[Collected data entries]
╭──
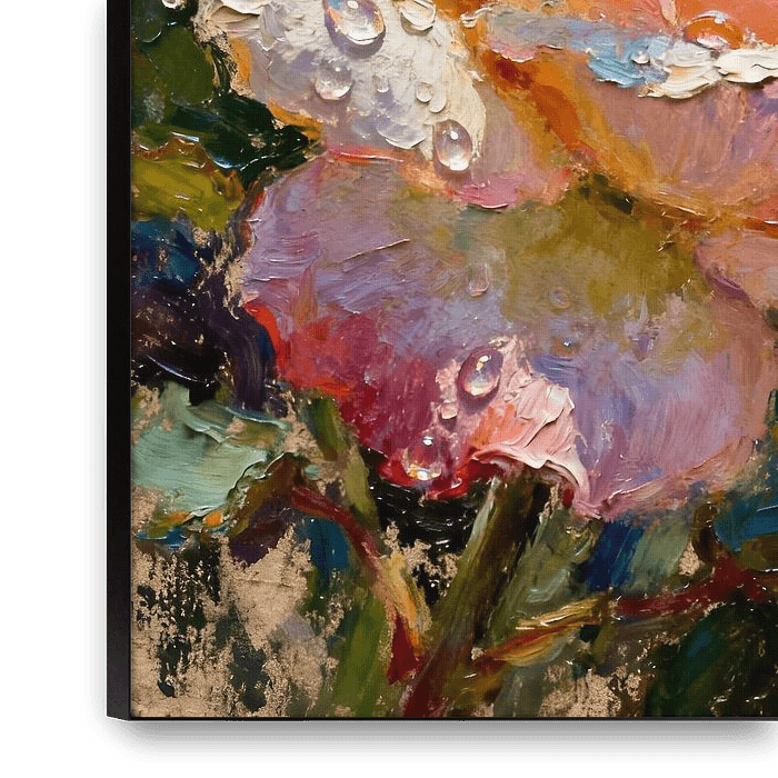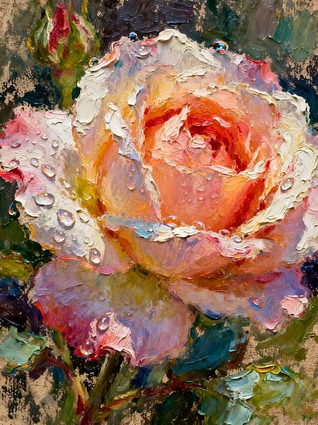 Dieses Werk konzentriert sich auf die sinnliche Darstellung einer einzelnen Rose, umgesetzt in einer kraftvollen, pastosen Maltechnik. Die dick aufgetragenen Farbschichten erzeugen eine ausgeprägte Dreidimensionalität und verleihen der Blüte eine fast skulpturale Präsenz. Warme Töne von Koralle, Creme und zartem Rosa verschmelzen mit…
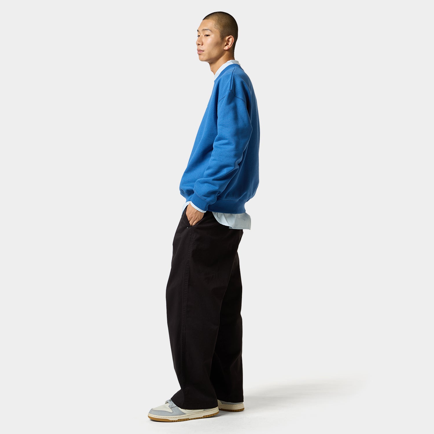 550G裏毛ワンウォッシュ仕様のコットンポリヘビーウエイト生地を採用し、身幅にゆとりを持たせたボックスフィットを特徴としており、長年にわたって愛用したくなるオーセンティックな一着に仕上げています。
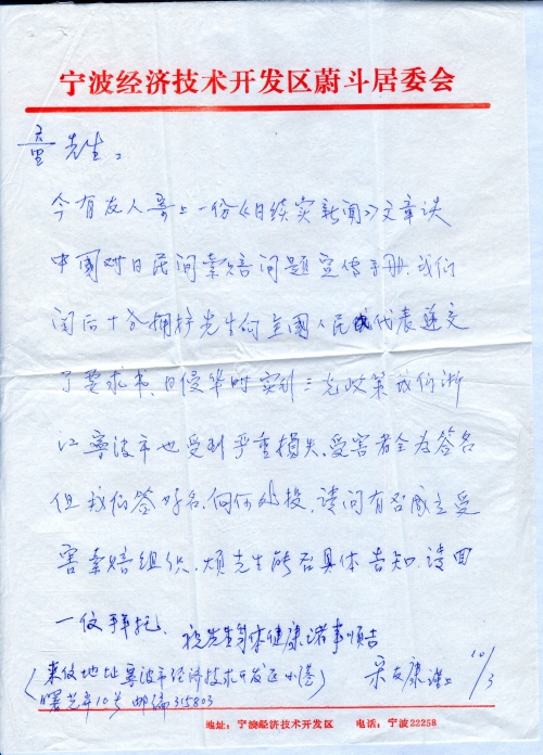 今有友人寄上一份《日续实新闻》文章谈中国对日民间索赔问题宣传手册。我们阅后十分拥护先生向全国人民代表递交了要求书。日侵华时实行三光政策,我们浙江宁波市也受到严重损失。受害者全为签名。但我们签好名向何处投,请问有否成立受害索赔组织,烦先生能否具体告知,请回一信拜托。
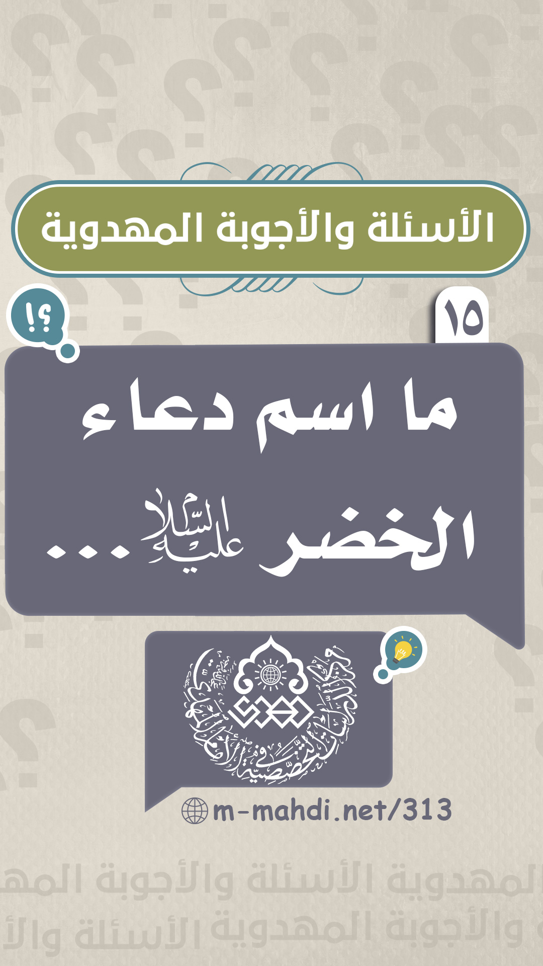 (١٥) ما اسم دعاء الخضر (عليه السلام)...
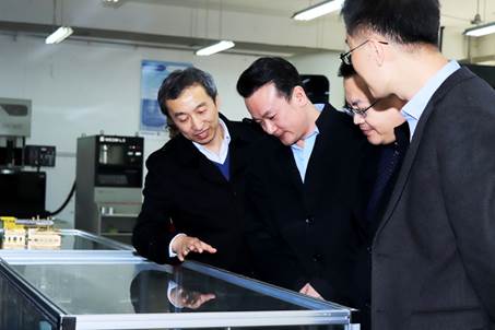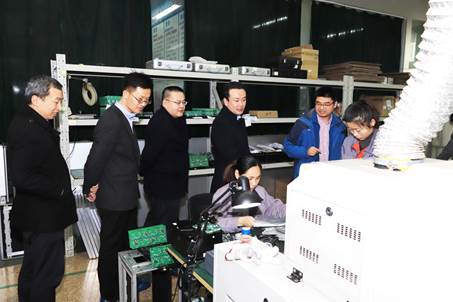 郭鹏陪同田荣华一行参观了机械系数控实习车间、机电创新实训室、SMT实训室、VBSE实训基地、城市轨道交通实训基地、创新实践基地场地等实训场所,田荣华对学院实验实训条件给予了高度赞许。
╰──
◆ THE TASK
Once the line with "550G裏毛ワンウォッシュ仕" is found above, transcribe each line from it through the line with "(١٥) ما اسم دعاء الخضر (عليه السلام)...", exactly, and omit the pictures.

◆ RESPONSE TO THIS EXERCISE
 550G裏毛ワンウォッシュ仕様のコットンポリヘビーウエイト生地を採用し、身幅にゆとりを持たせたボックスフィットを特徴としており、長年にわたって愛用したくなるオーセンティックな一着に仕上げています。
 今有友人寄上一份《日续实新闻》文章谈中国对日民间索赔问题宣传手册。我们阅后十分拥护先生向全国人民代表递交了要求书。日侵华时实行三光政策,我们浙江宁波市也受到严重损失。受害者全为签名。但我们签好名向何处投,请问有否成立受害索赔组织,烦先生能否具体告知,请回一信拜托。
 (١٥) ما اسم دعاء الخضر (عليه السلام)...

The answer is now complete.